It can be hard to see accommodation at first, but once you start to notice it, you’ll see it everywhere. And the good news is that this is something over which you have control. Some common eating disorder accommodations that parents can recover from include: not insisting on family meals, making substitutions and allowing for special diets, reassuring the child that they won’t get fat if they eat, allowing the child to cancel treatment appointments, allowing a child to over-exercise, and engaging in lengthy debates and negotiations about your child’s treatment and care. 

All of these things are hard habits to break, but if you get into recovery from accommodating the eating disorder, your child is more likely to step into recovery from their eating disorder. 

Your area of influence

This is the area where you have the most impact and potential to influence your child’s mental health and motivate eating disorder recovery.

I will say that it’s not intuitive and will not feel easy or natural. Just like eating disorder recovery, recovering from parental accommodation is really hard and it’s best if you have professional support.

Anh, I know this seems like an impossible situation. Our care system is deeply imperfect, but there’s still a lot you can do.

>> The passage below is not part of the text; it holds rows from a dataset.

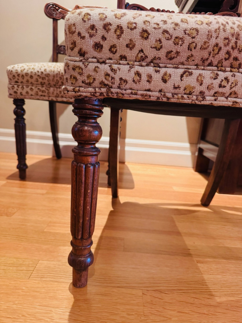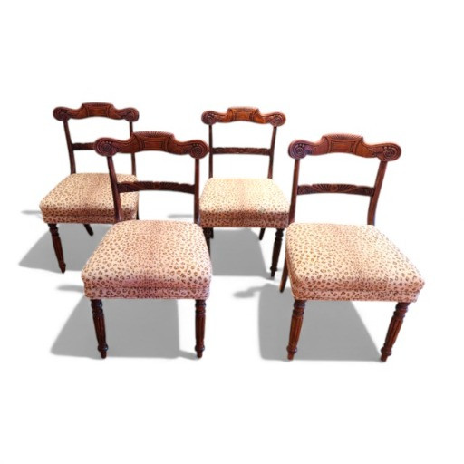 Lot # 43 - 4 Decorative Carved Wood Dining Chairs w/ Leopard Upholstery
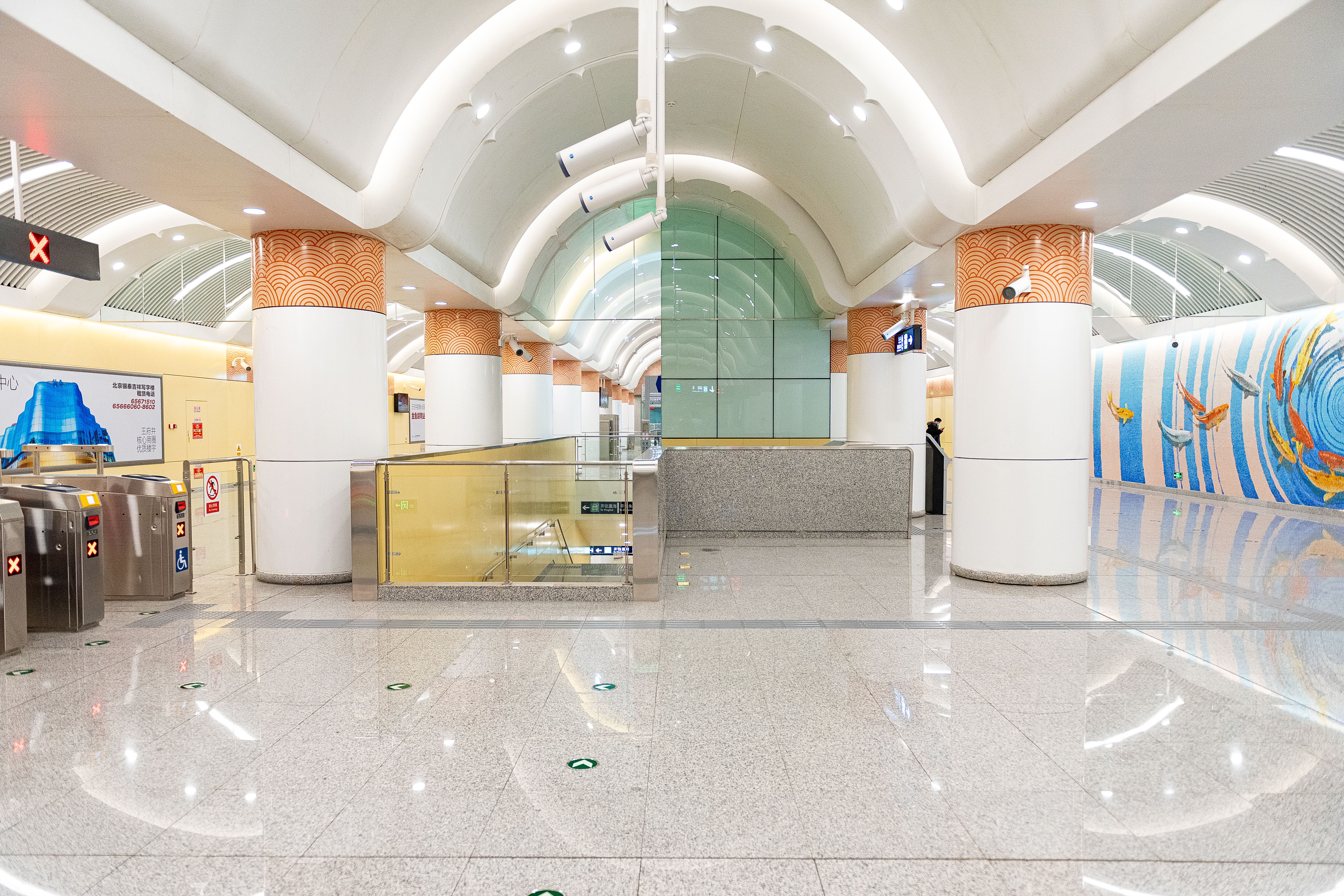 역 내부 기둥 상단에는 물고기 비늘무늬 장식이 있다.[5] 대합실 한쪽 벽면에는 길이 15m, 높이 4.5m 크기의 예술벽 '连年有鱼|연년유어중국어'가 설치되어 있다. 이 예술벽에는 뛰어오르는 금붕어 문양이 새겨져 있는데, 이는 "상서롭고 뜻대로 되며, 해마다 넉넉하기를 빈다(吉祥如意,年年有余|길상여의, 연년유여중국어)"는 의미를 담고 있다.[11][12]
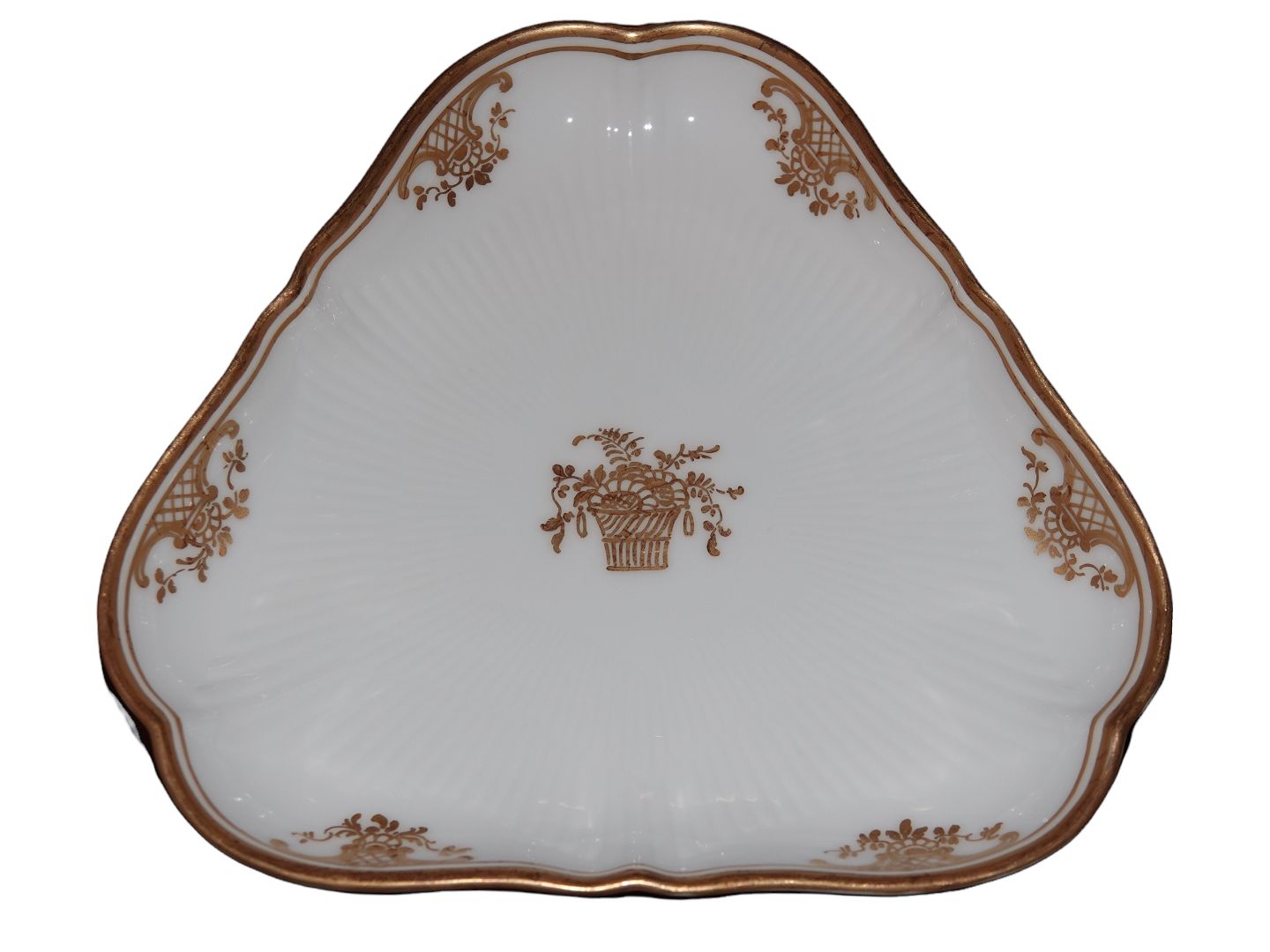 Royal Copenhagen Guldkurv med Ornamenter og Små Blomster, lille trekantet fad.

I’m so sorry that providers sometimes tell parents they should back off of eating disorder treatment.

I wish I could change the whole system, but for now, I can just assure you that your instincts are correct. Don’t back off. You don’t have to wait for your son to choose recovery to demand appropriate treatment and change your own behavior. You don’t have to wait for him to choose recovery for you to make it very hard for him to continue having an eating disorder while he’s still in your home. 

When parents change, kids change.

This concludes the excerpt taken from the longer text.